- **EXTRACTED ENTRIES**:
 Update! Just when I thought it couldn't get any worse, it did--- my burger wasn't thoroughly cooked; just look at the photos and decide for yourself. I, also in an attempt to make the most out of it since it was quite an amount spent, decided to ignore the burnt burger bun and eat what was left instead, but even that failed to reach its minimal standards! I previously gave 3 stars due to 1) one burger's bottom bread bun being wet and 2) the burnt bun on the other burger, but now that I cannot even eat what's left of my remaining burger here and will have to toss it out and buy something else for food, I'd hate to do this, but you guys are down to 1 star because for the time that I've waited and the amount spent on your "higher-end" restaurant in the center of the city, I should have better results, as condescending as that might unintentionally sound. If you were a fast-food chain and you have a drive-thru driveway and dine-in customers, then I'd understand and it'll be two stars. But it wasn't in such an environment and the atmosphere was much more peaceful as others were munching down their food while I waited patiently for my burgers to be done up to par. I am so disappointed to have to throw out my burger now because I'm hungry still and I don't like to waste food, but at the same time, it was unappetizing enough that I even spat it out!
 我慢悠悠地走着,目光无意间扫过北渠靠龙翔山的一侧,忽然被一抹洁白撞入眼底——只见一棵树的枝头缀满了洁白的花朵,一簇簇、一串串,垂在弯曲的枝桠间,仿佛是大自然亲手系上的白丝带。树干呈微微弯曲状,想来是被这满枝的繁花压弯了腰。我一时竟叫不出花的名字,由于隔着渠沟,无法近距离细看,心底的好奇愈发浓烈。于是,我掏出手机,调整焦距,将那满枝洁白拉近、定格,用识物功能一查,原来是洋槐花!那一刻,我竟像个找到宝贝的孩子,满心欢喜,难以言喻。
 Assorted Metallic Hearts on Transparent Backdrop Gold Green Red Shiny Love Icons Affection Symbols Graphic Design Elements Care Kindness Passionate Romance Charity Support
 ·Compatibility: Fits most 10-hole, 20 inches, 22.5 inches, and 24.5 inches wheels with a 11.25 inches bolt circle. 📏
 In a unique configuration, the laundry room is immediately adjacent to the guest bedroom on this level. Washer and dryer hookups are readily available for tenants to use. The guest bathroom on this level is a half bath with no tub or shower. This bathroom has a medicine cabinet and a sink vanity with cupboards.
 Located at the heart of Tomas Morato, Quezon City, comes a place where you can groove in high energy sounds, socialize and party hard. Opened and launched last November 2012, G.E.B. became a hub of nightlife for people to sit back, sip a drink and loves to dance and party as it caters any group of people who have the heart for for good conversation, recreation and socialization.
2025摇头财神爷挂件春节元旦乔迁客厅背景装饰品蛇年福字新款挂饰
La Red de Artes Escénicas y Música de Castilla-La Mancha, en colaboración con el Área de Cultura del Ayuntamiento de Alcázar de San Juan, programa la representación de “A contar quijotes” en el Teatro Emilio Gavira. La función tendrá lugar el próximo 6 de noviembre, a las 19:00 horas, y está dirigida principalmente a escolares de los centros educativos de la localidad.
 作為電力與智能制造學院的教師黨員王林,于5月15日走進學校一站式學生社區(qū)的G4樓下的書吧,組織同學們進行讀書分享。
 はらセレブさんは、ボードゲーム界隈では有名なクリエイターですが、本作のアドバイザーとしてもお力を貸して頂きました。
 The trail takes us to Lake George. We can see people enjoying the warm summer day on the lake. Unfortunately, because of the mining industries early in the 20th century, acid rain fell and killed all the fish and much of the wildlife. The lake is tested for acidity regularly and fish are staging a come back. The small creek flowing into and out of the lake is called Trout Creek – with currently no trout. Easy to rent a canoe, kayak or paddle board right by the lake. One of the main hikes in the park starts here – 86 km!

- **EXERCISE INSTRUCTIONS**:
Only one stretch of the data above is needed. Restate it word for word, from the line containing "Assorted Metallic Hearts" through the line containing "bolt circle. 📏", both ends included.

- **EXERCISE ANSWER**:
 Assorted Metallic Hearts on Transparent Backdrop Gold Green Red Shiny Love Icons Affection Symbols Graphic Design Elements Care Kindness Passionate Romance Charity Support
 ·Compatibility: Fits most 10-hole, 20 inches, 22.5 inches, and 24.5 inches wheels with a 11.25 inches bolt circle. 📏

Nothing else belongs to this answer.